- [DATA EXTRACTS]:
Segment Open

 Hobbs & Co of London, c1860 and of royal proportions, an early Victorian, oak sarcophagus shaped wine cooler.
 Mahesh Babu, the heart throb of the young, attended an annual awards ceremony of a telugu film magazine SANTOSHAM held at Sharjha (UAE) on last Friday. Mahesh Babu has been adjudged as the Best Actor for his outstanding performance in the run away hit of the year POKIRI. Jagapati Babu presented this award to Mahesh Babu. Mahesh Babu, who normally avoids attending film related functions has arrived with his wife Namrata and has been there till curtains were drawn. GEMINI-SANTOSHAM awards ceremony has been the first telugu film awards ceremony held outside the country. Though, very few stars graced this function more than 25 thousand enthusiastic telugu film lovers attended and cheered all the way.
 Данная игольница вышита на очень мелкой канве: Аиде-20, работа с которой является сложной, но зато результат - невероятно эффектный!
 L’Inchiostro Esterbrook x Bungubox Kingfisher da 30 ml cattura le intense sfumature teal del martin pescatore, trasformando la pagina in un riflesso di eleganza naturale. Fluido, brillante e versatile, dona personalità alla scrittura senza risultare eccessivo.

Segment Closed
Segment Open

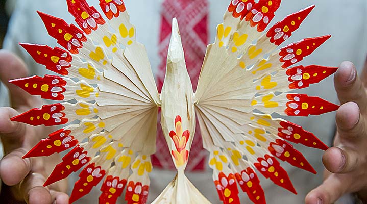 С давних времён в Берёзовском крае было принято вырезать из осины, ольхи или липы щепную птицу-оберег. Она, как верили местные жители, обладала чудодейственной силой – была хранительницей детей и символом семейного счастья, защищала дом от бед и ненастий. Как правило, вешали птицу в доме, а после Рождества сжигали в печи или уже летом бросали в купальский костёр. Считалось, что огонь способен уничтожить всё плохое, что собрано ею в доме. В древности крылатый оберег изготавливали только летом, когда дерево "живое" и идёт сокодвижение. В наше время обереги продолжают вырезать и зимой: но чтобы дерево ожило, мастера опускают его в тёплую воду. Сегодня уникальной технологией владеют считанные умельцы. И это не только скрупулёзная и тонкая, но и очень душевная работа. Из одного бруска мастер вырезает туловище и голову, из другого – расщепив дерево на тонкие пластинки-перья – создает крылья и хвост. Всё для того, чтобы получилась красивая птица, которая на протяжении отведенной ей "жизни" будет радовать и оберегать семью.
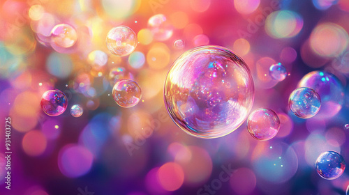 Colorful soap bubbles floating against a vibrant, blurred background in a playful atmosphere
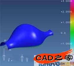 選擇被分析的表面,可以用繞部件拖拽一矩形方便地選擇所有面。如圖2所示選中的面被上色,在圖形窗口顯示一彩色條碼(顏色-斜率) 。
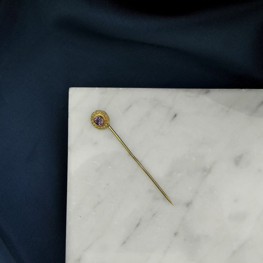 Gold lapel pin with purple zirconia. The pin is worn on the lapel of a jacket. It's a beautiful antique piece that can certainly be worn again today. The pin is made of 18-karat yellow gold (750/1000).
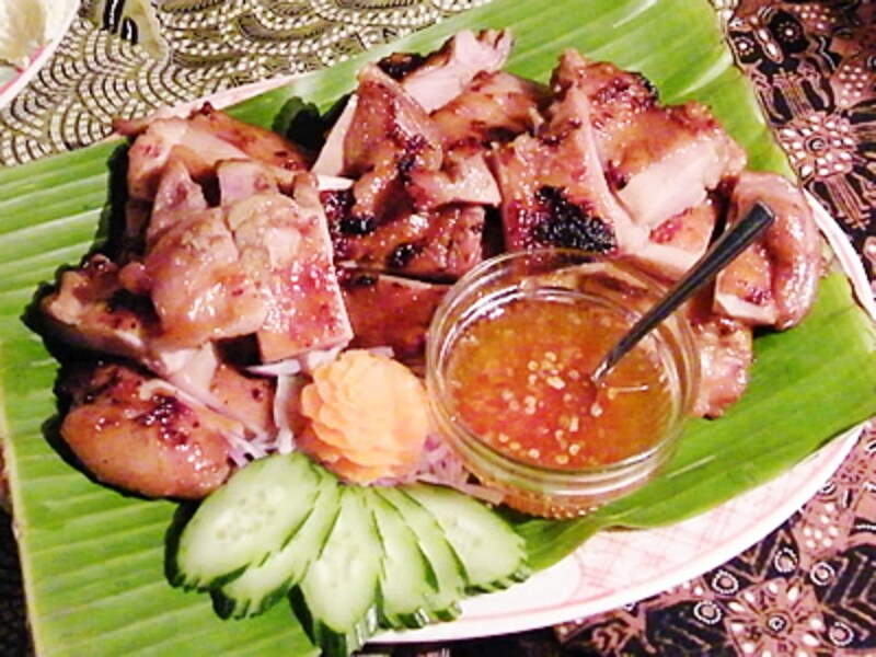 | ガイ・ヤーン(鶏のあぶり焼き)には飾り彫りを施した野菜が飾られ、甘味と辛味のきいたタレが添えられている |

Segment Closed

Every line above from the line with "Hobbs & Co of" to the line with "L’Inchiostro Esterbrook x", both included, must be reproduced exactly, and no other line may appear.

 Hobbs & Co of London, c1860 and of royal proportions, an early Victorian, oak sarcophagus shaped wine cooler.
 Mahesh Babu, the heart throb of the young, attended an annual awards ceremony of a telugu film magazine SANTOSHAM held at Sharjha (UAE) on last Friday. Mahesh Babu has been adjudged as the Best Actor for his outstanding performance in the run away hit of the year POKIRI. Jagapati Babu presented this award to Mahesh Babu. Mahesh Babu, who normally avoids attending film related functions has arrived with his wife Namrata and has been there till curtains were drawn. GEMINI-SANTOSHAM awards ceremony has been the first telugu film awards ceremony held outside the country. Though, very few stars graced this function more than 25 thousand enthusiastic telugu film lovers attended and cheered all the way.
 Данная игольница вышита на очень мелкой канве: Аиде-20, работа с которой является сложной, но зато результат - невероятно эффектный!
 L’Inchiostro Esterbrook x Bungubox Kingfisher da 30 ml cattura le intense sfumature teal del martin pescatore, trasformando la pagina in un riflesso di eleganza naturale. Fluido, brillante e versatile, dona personalità alla scrittura senza risultare eccessivo.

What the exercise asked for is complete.